I think the confusion here is that if you don't add the initial kwarg (which I assume you'd prefer not to do in this PR), the correct thing to do in this case is to error, which means you aren't really adding empty tensor support, you're just making something that used to give garbage raise an error instead. But it's consistent with eventually adding actual support, via the initial kwarg. Does that make sense?

LeviViana · 2019-05-06T12:08:39Z

Thanks @ezyang, it makes a lot of sense. I'll wait for @gchanan to confirm this understanding before making changes.

gchanan · 2019-05-06T16:02:40Z

@ezyang is correct.

Here are some relevant test cases (you can ignore the initial= ones for now, they are just there for completeness):

>>> np.amax(np.random.randn(0,3))
ValueError: zero-size array to reduction operation maximum which has no identity

>>> np.amax(np.random.randn(0,3), initial=5)
5.0

>>> np.amax(np.random.randn(0,3), axis=0)
ValueError: zero-size array to reduction operation maximum which has no identity

>>> np.amax(np.random.randn(0,3), axis=1)
array([], dtype=float64)

>>> np.amax(np.random.randn(0,3), axis=0, initial=5)
array([5., 5., 5.])

>>> np.amax(np.random.randn(0,3), axis=1, initial=5)
array([], dtype=float64)

This reverts commit fbdec0b.

This reverts commit ed06a55.

This reverts commit bb3a9eb.

This reverts commit bd12ac2.

This reverts commit 5de26bd.

LeviViana · 2019-05-28T14:04:05Z

Now torch.max(torch.rand(0,4).cuda()) throws an error.

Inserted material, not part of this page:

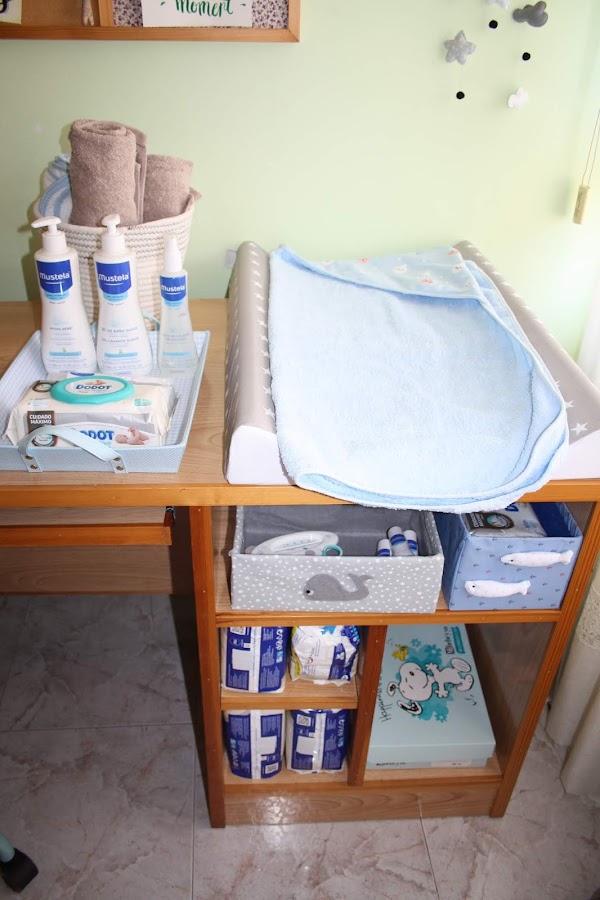 Zona del cambiador/bañeraLa zona del cambiador/bañera es una zona aprovechable de un escritorio que nos regalaron hace tiempo. Al tener ya los muebles dispuestos en casa era inviable meter otros propios de bebé, así que tuvimos que adaptarnos a lo que había. Reestructuramos el mueble de manera que encima del propio escritorio pusimos el cambiador y al lado la bañerita (y lo pensamos así por lo menos mientras sea chiquitín y no chapotee mucho).

Tests have been added. Is it ok ?

soumith · 2019-05-29T00:06:53Z

fyi, @gchanan is on leave till the end of this week

gchanan

I think this is good to go. I also made a suggestion below about how to improve it if you want. Let me know if you want me to merge as is or you want to do the improvement.

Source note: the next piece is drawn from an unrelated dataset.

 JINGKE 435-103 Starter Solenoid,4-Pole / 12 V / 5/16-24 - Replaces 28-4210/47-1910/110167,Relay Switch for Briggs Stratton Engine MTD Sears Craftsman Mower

gchanan · 2019-06-05T22:27:35Z

aten/src/THC/generic/THCTensorMathReduce.cu

@@ -302,6 +302,7 @@ accreal THCTensor_(meanall)(THCState *state, THCTensor *self)

 scalar_t THCTensor_(minall)(THCState *state, THCTensor *self) {
  THCAssertSameGPU(THCTensor_(checkGPU)(state, 1, self));
+  THArgCheck(THTensor_nDimensionLegacyAll(self) > 0, 1, "tensor must have one dimension");


This is good because it makes the CPU and CUDA error messages match up. Let me know if you want me to merge it as (can you fix the merge conflict?) or alternatively, I have a suggestion for improvement here.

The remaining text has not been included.